Segment Open
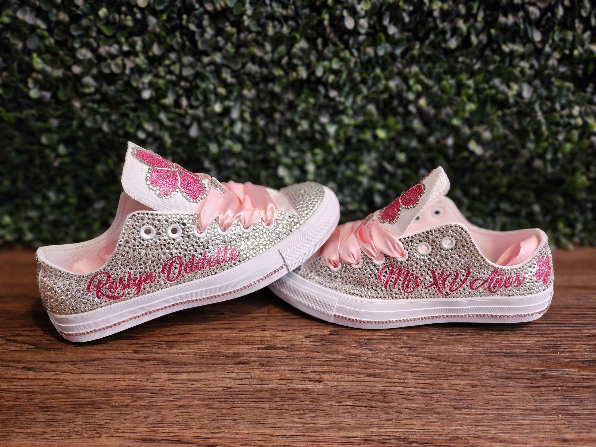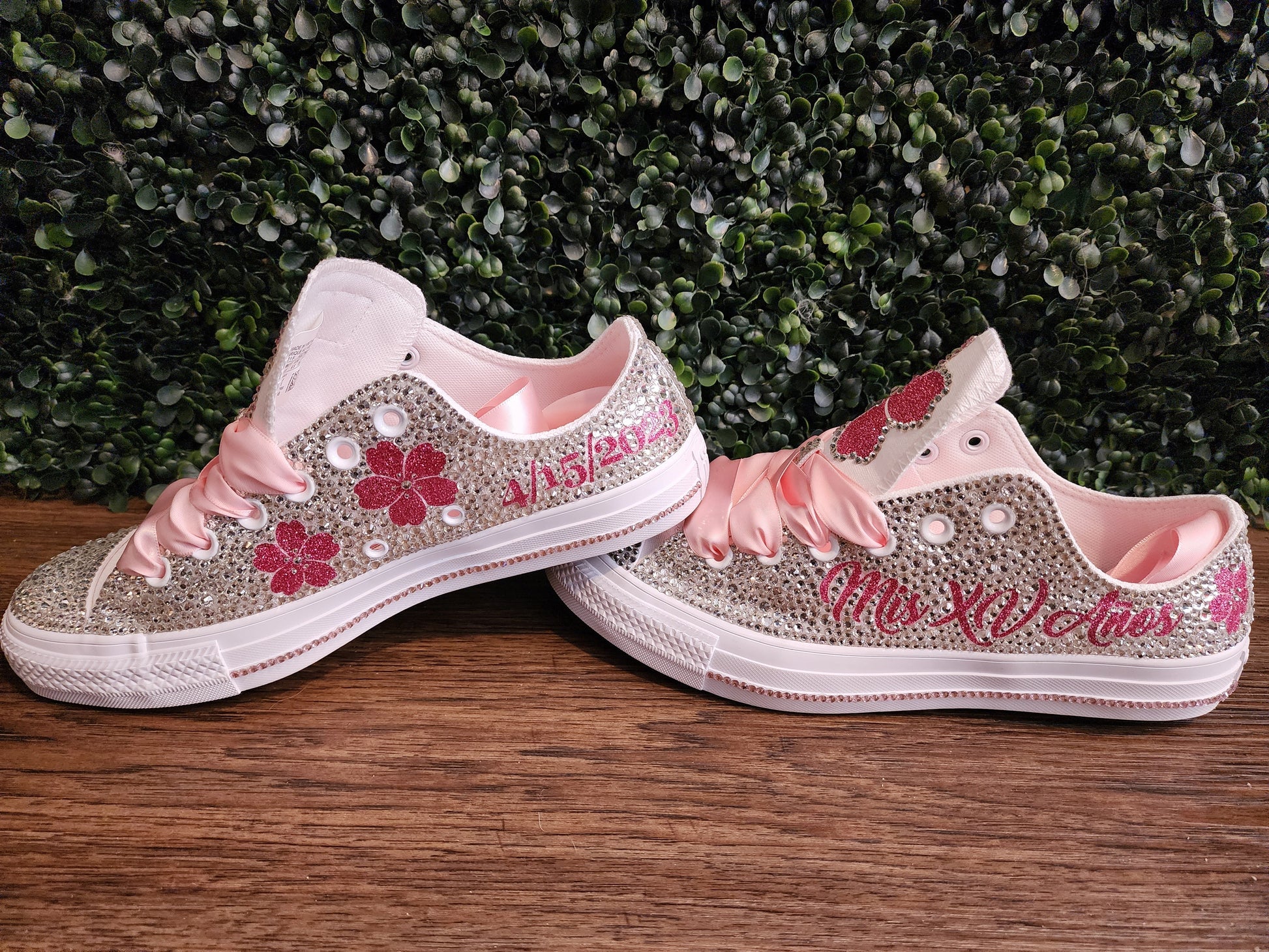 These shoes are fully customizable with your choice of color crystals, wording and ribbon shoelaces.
Segment Closed
Segment Open
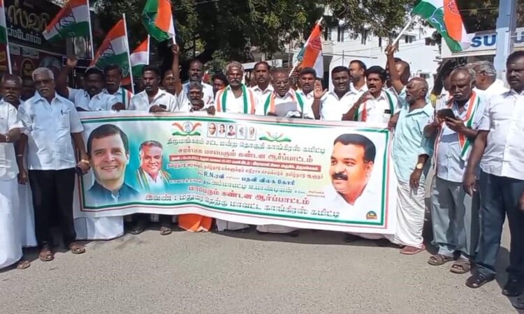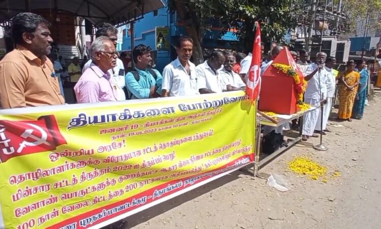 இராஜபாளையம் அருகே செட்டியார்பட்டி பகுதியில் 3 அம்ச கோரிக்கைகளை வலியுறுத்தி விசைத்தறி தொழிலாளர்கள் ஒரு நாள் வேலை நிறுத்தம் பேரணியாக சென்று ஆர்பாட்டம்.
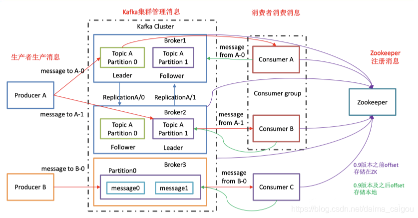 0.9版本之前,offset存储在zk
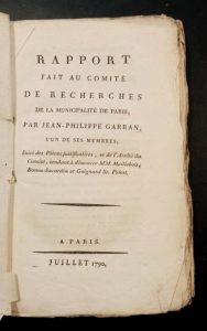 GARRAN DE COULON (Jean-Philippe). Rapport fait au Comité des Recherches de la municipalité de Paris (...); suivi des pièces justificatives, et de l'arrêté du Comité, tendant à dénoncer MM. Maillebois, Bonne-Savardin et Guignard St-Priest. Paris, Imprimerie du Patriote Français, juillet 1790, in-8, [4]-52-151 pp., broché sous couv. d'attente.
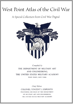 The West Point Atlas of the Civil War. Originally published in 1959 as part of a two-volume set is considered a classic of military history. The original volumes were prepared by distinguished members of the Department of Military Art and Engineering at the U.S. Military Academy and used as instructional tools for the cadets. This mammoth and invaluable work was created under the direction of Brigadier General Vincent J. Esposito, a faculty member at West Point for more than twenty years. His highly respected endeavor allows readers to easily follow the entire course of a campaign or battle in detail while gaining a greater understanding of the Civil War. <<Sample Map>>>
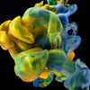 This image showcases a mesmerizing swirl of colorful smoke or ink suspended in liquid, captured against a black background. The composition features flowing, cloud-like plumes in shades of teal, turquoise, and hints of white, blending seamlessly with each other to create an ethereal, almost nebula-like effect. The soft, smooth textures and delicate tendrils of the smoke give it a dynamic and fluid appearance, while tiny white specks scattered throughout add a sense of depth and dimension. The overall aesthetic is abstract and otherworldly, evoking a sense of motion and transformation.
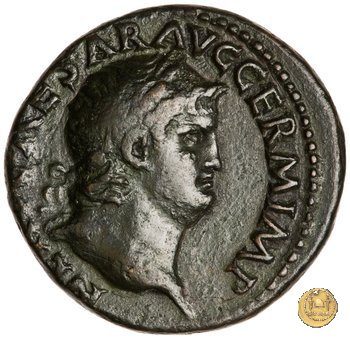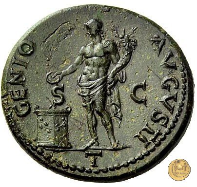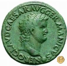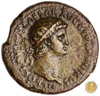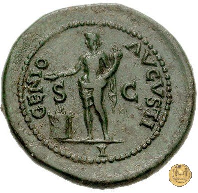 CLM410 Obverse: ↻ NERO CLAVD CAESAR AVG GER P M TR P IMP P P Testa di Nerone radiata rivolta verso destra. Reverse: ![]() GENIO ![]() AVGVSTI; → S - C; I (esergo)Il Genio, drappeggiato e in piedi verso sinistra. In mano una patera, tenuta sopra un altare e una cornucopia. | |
Segment Closed
=== What to work on ===
From the line containing "0.9版本之前,offset存储在zk" through the line containing "CLM410 Obverse: ↻", copy every line above exactly, without pictures.

=== Result ===
 0.9版本之前,offset存储在zk
 GARRAN DE COULON (Jean-Philippe). Rapport fait au Comité des Recherches de la municipalité de Paris (...); suivi des pièces justificatives, et de l'arrêté du Comité, tendant à dénoncer MM. Maillebois, Bonne-Savardin et Guignard St-Priest. Paris, Imprimerie du Patriote Français, juillet 1790, in-8, [4]-52-151 pp., broché sous couv. d'attente.
 The West Point Atlas of the Civil War. Originally published in 1959 as part of a two-volume set is considered a classic of military history. The original volumes were prepared by distinguished members of the Department of Military Art and Engineering at the U.S. Military Academy and used as instructional tools for the cadets. This mammoth and invaluable work was created under the direction of Brigadier General Vincent J. Esposito, a faculty member at West Point for more than twenty years. His highly respected endeavor allows readers to easily follow the entire course of a campaign or battle in detail while gaining a greater understanding of the Civil War. <<Sample Map>>>
 This image showcases a mesmerizing swirl of colorful smoke or ink suspended in liquid, captured against a black background. The composition features flowing, cloud-like plumes in shades of teal, turquoise, and hints of white, blending seamlessly with each other to create an ethereal, almost nebula-like effect. The soft, smooth textures and delicate tendrils of the smoke give it a dynamic and fluid appearance, while tiny white specks scattered throughout add a sense of depth and dimension. The overall aesthetic is abstract and otherworldly, evoking a sense of motion and transformation.
 CLM410 Obverse: ↻ NERO CLAVD CAESAR AVG GER P M TR P IMP P P Testa di Nerone radiata rivolta verso destra. Reverse: ![]() GENIO ![]() AVGVSTI; → S - C; I (esergo)Il Genio, drappeggiato e in piedi verso sinistra. In mano una patera, tenuta sopra un altare e una cornucopia. | |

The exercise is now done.